··· SUPPLIED DATA ···
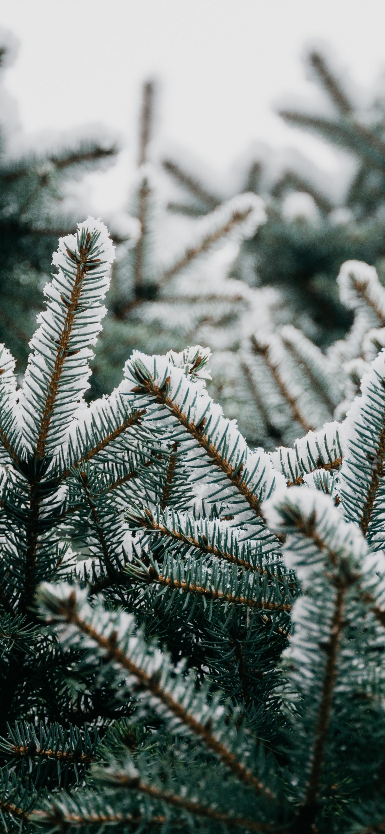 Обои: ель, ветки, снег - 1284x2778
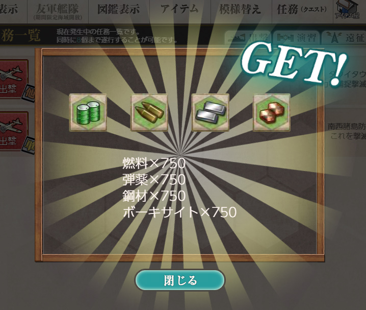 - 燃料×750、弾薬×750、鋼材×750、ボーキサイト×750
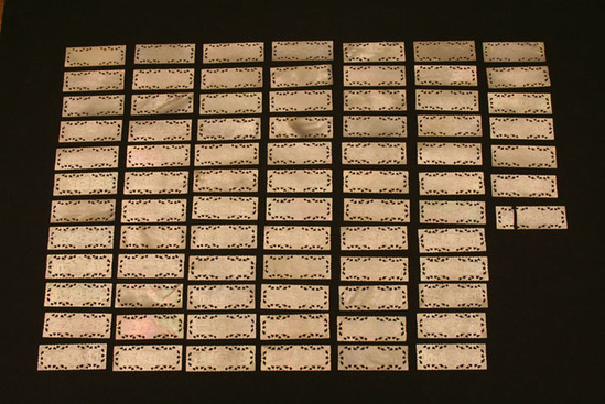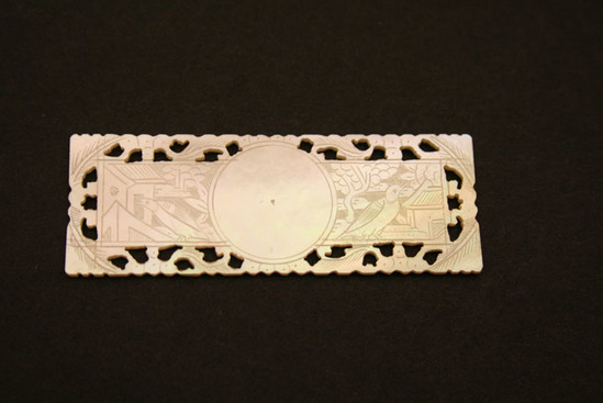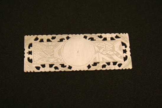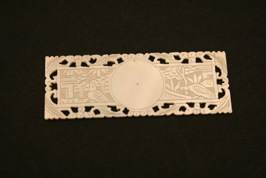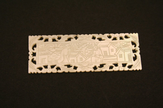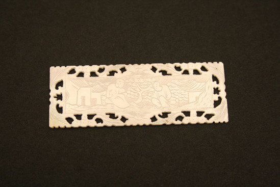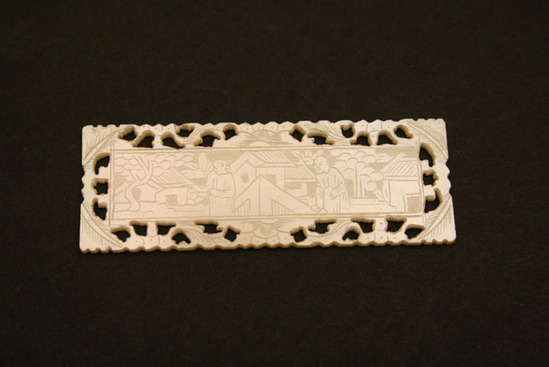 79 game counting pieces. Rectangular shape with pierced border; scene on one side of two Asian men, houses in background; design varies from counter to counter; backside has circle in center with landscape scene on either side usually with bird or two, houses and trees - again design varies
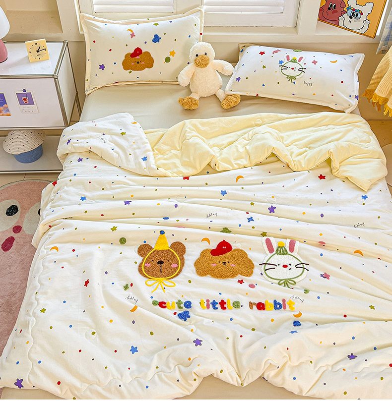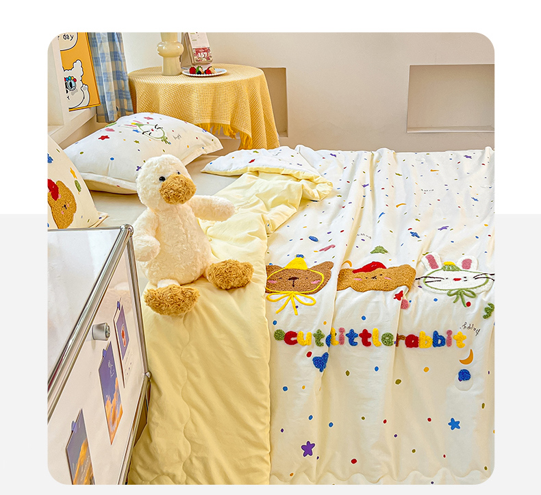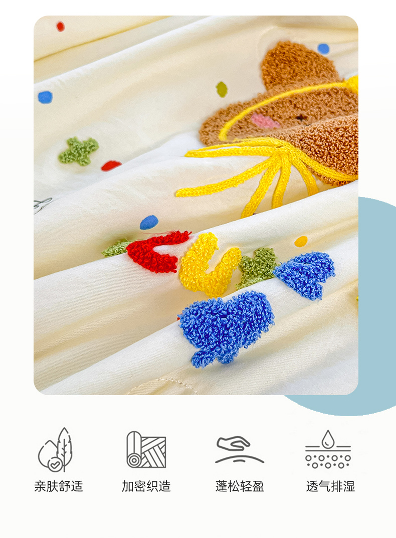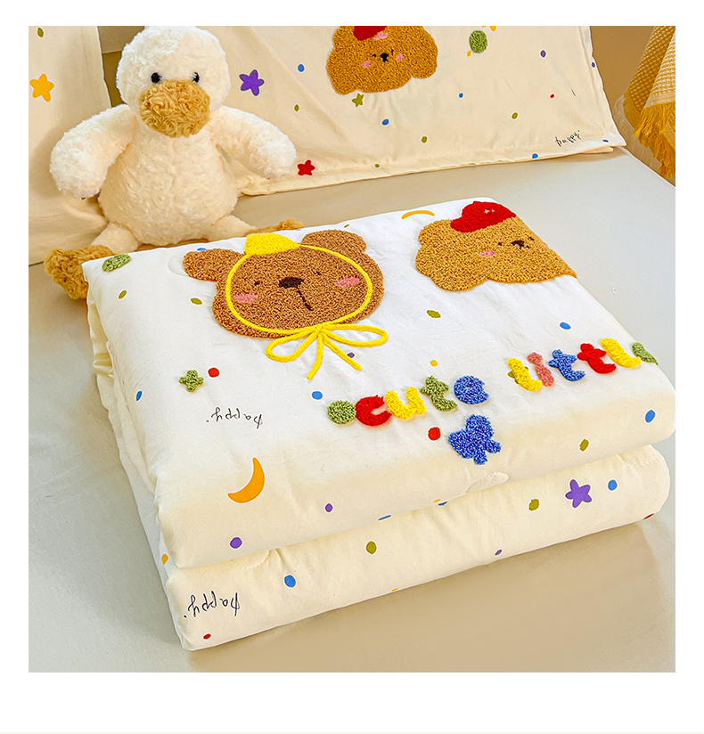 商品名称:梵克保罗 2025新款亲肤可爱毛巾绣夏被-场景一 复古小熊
···
> REQUIRED ACTION:
With the pictures left out, write out all of the data exactly.

> EXPECTED OUTPUT:
 Обои: ель, ветки, снег - 1284x2778
 - 燃料×750、弾薬×750、鋼材×750、ボーキサイト×750
 79 game counting pieces. Rectangular shape with pierced border; scene on one side of two Asian men, houses in background; design varies from counter to counter; backside has circle in center with landscape scene on either side usually with bird or two, houses and trees - again design varies
 商品名称:梵克保罗 2025新款亲肤可爱毛巾绣夏被-场景一 复古小熊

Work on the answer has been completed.